According to question:
x + 15 = 48
x = 48 − 15
x = 33
Example 2: Consecutive Numbers
Question: The sum of two consecutive numbers is 41. Find the numbers.
Solution:
Let the numbers be:
x and x + 1
According to question:
x + (x + 1) = 41
2x + 1 = 41
2x = 40
x = 20
Numbers are:
20 and 21
Example 3: Three Consecutive Numbers
Question: The sum of three consecutive numbers is 72. Find the numbers.
Solution:
Let the numbers be:
x, x + 1, x + 2
According to question:
x + (x + 1) + (x + 2) = 72
3x + 3 = 72
3x = 69
x = 23
Numbers are:
23, 24, and 25
Example 4: Consecutive Even Numbers
Question: The sum of two consecutive even numbers is 74. Find the numbers.
Solution:
Let the numbers be:
2x and 2x + 2
According to question:
2x + (2x + 2) = 74
4x + 2 = 74
4x = 72
x = 18
Numbers are:
36 and 38
Example 5: Consecutive Odd Numbers
Question: The sum of three consecutive odd numbers is 57. Find the numbers.
Solution:
Let the numbers be:
2x + 1, 2x + 3, 2x + 5
According to question:
(2x + 1) + (2x + 3) + (2x + 5) = 57
6x + 9 = 57
6x = 48
x = 8
Numbers are:
17, 19, and 21
Example 6: Two-Digit Number Formation
Question: Form the number whose tens digit is 5 and units digit is 8.
Solution:
Two-digit number:
= 10x + y
= 10(5) + 8
= 50 + 8
= 58
Example 7: Reversed Number Problem
Question: Find the reversed form of 73.
Solution:
Original number:
73
After reversing digits:
37
Example 8: Difference Between Number and Reverse
Question: Find the difference between 84 and its reverse.
Solution:
Reverse of 84:
48
Difference:
84 − 48
= 36
Example 9: Divisibility by 3
Question: Check whether 738 is divisible by 3.
Solution:
Sum of digits:
7 + 3 + 8 = 18
18 is divisible by 3.
Therefore:
738 is divisible by 3
Example 10: Divisibility by 9
Question: Check whether 729 is divisible by 9.
Solution:
Sum of digits:
7 + 2 + 9 = 18
18 is divisible by 9.
Therefore:
729 is divisible by 9
Example 11: Algebraic Identity
Question: Simplify:
99 × 101
Solution:
99 × 101
= (100 − 1)(100 + 1)
Using:
(a + b)(a − b) = a² − b²
= 100² − 1²
= 10000 − 1
= 9999
Example 12: Sum of Natural Numbers
Question: Find the sum of first 25 natural numbers.
Solution:
Formula:
n(n + 1)/2
= 25 × 26 / 2
= 25 × 13
= 325
Example 13: Sum of Squares
Question: Find the sum of squares of first 5 natural numbers.
Solution:
Formula:
n(n + 1)(2n + 1)/6
= 5 × 6 × 11 / 6
= 5 × 11
= 55
Example 14: Sum of Cubes
Question: Find the sum of cubes of first 4 natural numbers.
Solution:
Formula:
[n(n + 1)/2]²
= [4 × 5 / 2]²
= 10²
= 100
Example 15: Age-Based Number Problem
Question: A father is 3 times as old as his son.
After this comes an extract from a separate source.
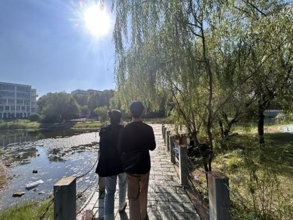 活动伊始,主持人周何慧子播放了盲人摄影师李娜的访谈片段,阐释了“用非视觉视角发现世界”理念,并介绍了活动规则。参与者分为“摄影师”和“引导员”两类角色。摄影师戴上眼罩,模拟视障状态进行拍摄;引导员则负责路线规划、拍摄辅助与安全保障。随后,各小组按不同路线在校园中展开拍摄。从树木的纹理、石径的触感,到建筑的轮廓,参与者在非视觉状态下捕捉画面,感受环境的细微变化。
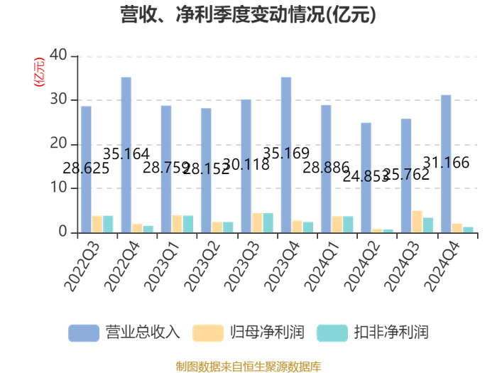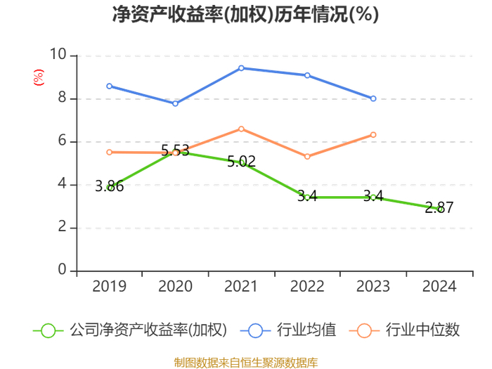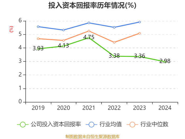 数据显示,2024年公司加权平均净资产收益率为2.87%,较上年同期下降0.53个百分点。公司2024年投入资本回报率为2.98%,较上年同期下降0.38个百分点。

If the son's age is 12 years, find the father's age.
Solution:
Father's age:
= 3 × 12
= 36 years
Example 16: Product-Based Number Problem
Question: The product of two consecutive numbers is 132. Find the numbers.
Solution:
Let numbers be:
x and x + 1
According to question:
x(x + 1) = 132
x² + x − 132 = 0
(x − 11)(x + 12) = 0
x = 11
Numbers are:
11 and 12
Example 17: Missing Digit Problem
Question: Find the missing digit x if 54x is divisible by 9.
Solution:
Sum of digits:
5 + 4 + x = 9 + x
For divisibility by 9:
9 + x must be divisible by 9.
Therefore:
x = 0 or 9
Example 18: Logic-Based Number Problem
Question: A number when divided by 5 leaves remainder 3. What will be the remainder when twice the number is divided by 5?
Solution:
Let the number be:
5x + 3
Twice the number:
= 2(5x + 3)
= 10x + 6
= 5(2x + 1) + 1
Remainder = 1
Important Exam Tips
- Always start by assuming unknown numbers properly.
- Translate statements carefully into equations.
- Use standard representations for consecutive numbers.
- Memorize divisibility rules and algebraic identities.
- Be careful while reversing digits.
- Use elimination techniques in MCQs.
- Practice mental calculations regularly.
Practicing solved examples regularly improves logical reasoning, equation formation skills, and accuracy in solving Problems on Numbers in competitive examinations.